It is easy for someone like me, who has been studying art for a lifetime, to convince myself that I have an accurate measure of the dimensions of a particular artist’s operative domain. But gratefully that conceit has not resulted in a callow disregard, and I love when my previous views have to be upended and rewritten. That’s how it felt to see the James Ensor exhibit (at the MOMA through September 21) this week.

It wasn’t the paintings that caused me to redraw the Ensor field of influence. In fact I classify many of his more grotesque paintings similarly to the work of Francis Bacon (also on exhibit in New York, at the Met)—historically significant and influential in their scope, but not a match for my aesthetic point of view.

But the drawings and etchings? That’s the side of Ensor that caught me immediately and held me in the show for hours. Without the plasticity of paint to veer into the grotesquery of an acid palette and harsh edged imagery, something emerges from Ensor that is emotional, sensationally powerful and utterly modern in its sensibilities. The line-based, mostly tonal pieces in this show are knock outs—exquisite etchings and small drawings, of which there are many on exhibit. Two drawings in particular stand out. These large pieces, never shown in the US previously, speak to and with his most famous painted masterpiece, “Christ’s Entry into Brussels” (which is too fragile to travel from its safe perch at the Getty Museum in Los Angeles.) My favorite drawing, “The Lively and Radiant: The Entry of Christ into Jerusalem,” feels like a sourcebook for many artists that followed including Grosz, Dubuffet and Basquiat.

Holland Cotter’s description is a good one:

“The Lively and Radiant: The Entry of Christ into Jerusalem,” from 1885, is gigantic: nearly seven feet tall and done on a giant piece of paper. The setting is an immense proscenium theater, which is also a city street, with an army of helmeted extras marching toward us, the panicked audience. Signs hang everywhere, advertising art (“Les Impressionistes”), commerce (“Charcutiers de Jerusalem”), politics (“Mouvement Flamand”) and celebration (“Hip hip hurrah”). In the middle of the tumult, like a tiny light, is Jesus riding an ass.

An Ensor scholar could probably crack all the coding. And anyone who lingers over its scrim upon scrim of graphite lines will recognize a formal tour de force. But it’s more than that: it’s an entry point into conceptual and emotional realms with few clear guideposts. The drawing is, after all, absurd and freakish, like Rembrandt’s “Hundred Guilder Print” turned into wallpaper. Is the result in any way a devotional image? A social statement? A take-no-prisoners travesty?
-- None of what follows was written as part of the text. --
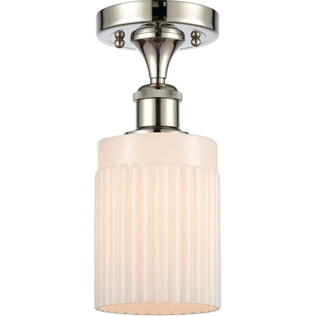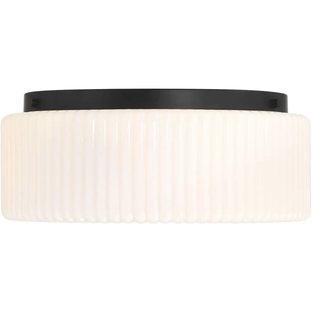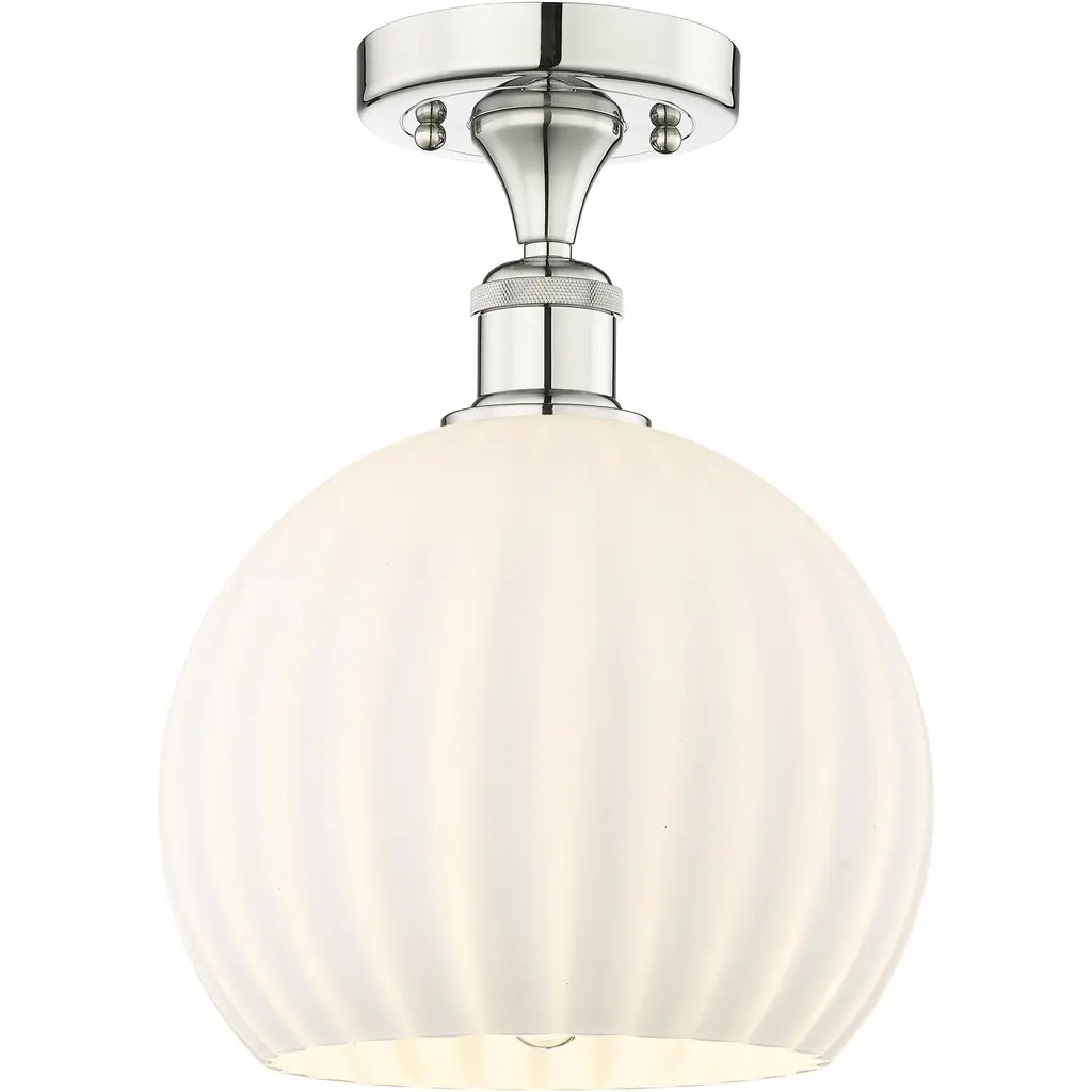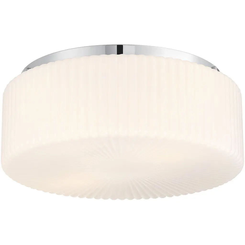 Use the vintage-inspired Savoy House Edgemont 4-light flush mount to add beautiful, vivid brightness to any room The ribbed shade of strie glass brings in a big dose of eye-catching texture and the Chrome finish is extremely versatile. Edgemont is 8" in height and 20" in width, making it an excellent option for larger spaces. It uses four standard size bulbs of up to 60 watts per bulb. Bulbs not included.

What I love about this piece is its intensity. Yes, that cynical and angry Ensor subject matter is in full display, but it has more to offer than his outrage. The quality of his line, the density of his hand working on paper, the way the visual language transforms human passion and emotion—that is what stopped me in my tracks.

Every photographic image I have seen of this piece, online or in print, is deeply disappointing compared to the original. Its power is furtive. In many ways, that is true of Ensor in general.

More from Cotter’s review:

Although Ensor has long been a fixture in the art canon, he is also a fugitive presence. My guess is that a lot of people know his name without knowing quite who he is. Who can blame them? He’s hard to pin down. Gothic fantasist, political satirist, religious visionary: one minute he’s doing biblical scenes, the next the equivalent of biker tattoos, in a style that veers between crude and dainty…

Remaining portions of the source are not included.